Deze tekst stond ooit op een spandoek aan de buitenkant van een kerk: ‘Zij die geloven, worden belóónd.’ Maar hoe sterk moet je dan in je geloofsschoenen staan? Welke beloning wacht je dan? En is die weer afhankelijk van de hoeveelheid geloof, die je had? Of is geloof meer een kwestie van: geen woorden, maar daden!
Jezus zei: ‘Let op! Je moet doen wat Gód van je vraagt. En wat doen wij? Veeleer datgene wat volgens ons door medemensen van ons wordt gevraagd. Anders gezegd: Voor wie doen we ’t, áls we iets doen? Voor God, voor armen of voor onszelf? Of voor alle drie een beetje? Hoe we dóen, gaat terug op de kindertijd.
Toen we klein waren, hebben onze ouders ons geleerd om een stukje chocola te delen met ons broertje of zusje of vriend(innet)je. Normaal gesproken werden we daarvoor door onze vader of moeder beloond of geprezen. Maar sluipenderwijs kan zo een praktijk groeien dat we iets geven: niet zozeer om de ander, maar om onszelf.
Om te horen wat voor goede mensen we zijn. Ergens doodsbang om tegen te vallen. Bij een open schaalcollecte in de kerk geven mensen doorgaans bewuster. Geven kan zelfs iets krijgen van een toneelstuk. Daarom zegt de Here Jezus er ook heel bewust dit bij: Maar je moet dat niet doen om op te vallen bij de mensen.
Links en rechts in het publieke domein iets geven. De begrippen links en rechts zijn in de politiek momenteel flink aan slijtage onderhevig. Echter in de wereld van de psychologie staat onze linkerkant voor het ónbewuste. Rechts voor het bewuste. Fout is, als onze bewuste kant wil weten wat de ónbewuste kant doet (vs.3).
Anders gezegd: Achter elk gedrag aan de buitenkant zit bij ieder mens een eigen binnenkant. Maar de Heiland heeft toch ook gezegd: ‘Laat zo uw licht schijnen voor de mensen, opdat zij uw goede werken zien en uw Vader die in de hemelen is, verheerlijken (Mt.5:16a).’ Maar lijkt Jezus hier niet met Zichzelf in tegenspraak?
En wie weet tegenwoordig nog wat met het geven van een aalmoes is bedoeld?
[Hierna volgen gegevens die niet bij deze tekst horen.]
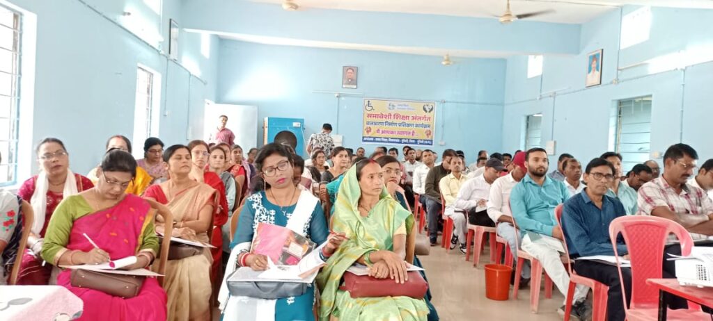 जिला के समावेशी शिक्षा प्रभारी अशोक कश्यप द्वारा दिव्यांग बच्चों के लिए स्वरचित अपनी कविता का पाठ पठन कर शिक्षकों को प्रेरित किया गया दिव्यांग बच्चों को समान अवसर उपलब्ध कराना एवं शासन की योजनाओं का लाभ देने हेतु निर्देशित किया गया उपरोक्त वातावरण निर्माण प्रशिक्षण कार्यक्रम 130 शिक्षक एवं व्याख्याता को लक्षित कर प्रशिक्षण दिया गया उपरोक्त प्रशिक्षण मास्टर ट्रेनर के द्वारा प्रोजेक्टर के माध्यम से प्रशिक्षार्थियों को समावेशी शिक्षा उद्देश्य समावेशी शिक्षा की विभिन्न गतिविधियां शाला में बाधा रहित वातावरण तैयार करना नई शिक्षा नीति नि:शक्तजन अधिकार अधिनियम दिव्यांग -जनों के जीवन को बेहतर बनाने की कवायत 21 प्रकार की दिव्यंगता की पहचान करना दिव्यांग बच्चों के लिए समग्र शिक्षा एवं समाज कल्याण विभाग जिला पुनर्वास केंद्र द्वारा एस्कॉर्ट एलाउंस ट्रांसपोर्ट एलाउंस बालिका शिष्यावृत्ति गृह आधारित शिक्षा आकलन शिविर – सर्जरी ऑपरेशन – छात्रवृत्ति खेलकूद दिव्यांगता दिवस आंकलन शिविर डाइस डाटा प्रशस्त एप्प का संचालन आईसीटी उपकरणों एवं ऑनलाईन लाइब्रेरी दिव्यांगता का कारण एवं समाधान दिव्यांगजनों के स्वास्थ्य लाभ हेतु व्यायाम विद्यालय में सकारात्मक वातावरण तैयार करने एवं शासन की योजनाओं से लाभान्वित करने हेतु उन्मुखीकरण दिव्यांग बच्चों के सहयोग से उपलब्धि का मूल्यांकन कक्षा प्रबंधन सहपाठी समूह का निर्माण संबंधी प्रशिक्षण प्रदान किया गया की जानकारी विस्तृतपूर्वक दिया गया। गैप आइडेंटिफिकेशन का आउट ऑफ स्कूल प्रशिक्षण में 80 शिक्षा एवं 20 पालक अभिभावकगण की उपस्थिति सुनिश्चित की गई इस प्रशिक्षण में शाला से बाहर विशेष आवश्यकता वाले बच्चों का चिन्हांकन कर शिक्षा के मुख्य धारा से जोड़ने हेतु जन जागरुकता कार्यक्रम समावेशी शिक्षा अंतर्गत पालकों अभिभावकों समुदाय तथा शिक्षा को कैसे उन्मुखीकृत किया जाए समावेशी शिक्षा उद्देश्य समावेशी शिक्षा के विभिन्न गतिविधियां शाला में बाधा रहित वातावरण तैयार करना नई शिक्षा नीति निशक्तजन अधिकार अधिनियम दिव्यांगजनों के जीवन को बेहतर बनाने की कवायत 21 प्रकार की दिव्यांगता की पहचान करना दिव्यांग बच्चों को शाला में बनाए रखने हेतु उन्हें शासन की योजनाओं का लाभ दिलाना आवश्यकता अनुरूप उपकरण सहायक सामग्री उपलब्ध कराना शिक्षा से संबंधित आने वाली समस्याओं का समाधान कर उनको शिक्षा की मुख्य धारा से जोड़ना प्रशिक्षण में सभी शिक्षकों व्याख्याता पालकों एवं अभिभावकों हेतु चाय नाश्ता एवं भोजन की व्यवस्था बीआरसी भवन मुंगेली में की गई प्रशिक्षण के समापन अवसर पर विकासखंड शिक्षा अधिकारी डाँ प्रतिभा मंडलोई ने सभी प्रतिभागियों को शाला क

Alleen het woord aalmoes roept al het nodige op. Bij ons is iets een aalmoes, als iemand iets geeft wat écht te weinig is gelet op de te lenigen nood. In onze tijd heet zoiets ook wel ‘een druppel op een gloeiende plaat’. Soms met een blik van boven naar beneden.
Denk aan de vroegere aalmoes van de diaconie! Het diaconaal platform werkt tegenwoordig gelukkig anders. In een land als het onze waarvan elke 5 huishoudens op dit moment er 2 financieel ‘onder water’ staan. De lijn van tot niets verplichtende liefdadigheid is radicaal veranderd in een helpen onder protest tegen óngerechtigheid.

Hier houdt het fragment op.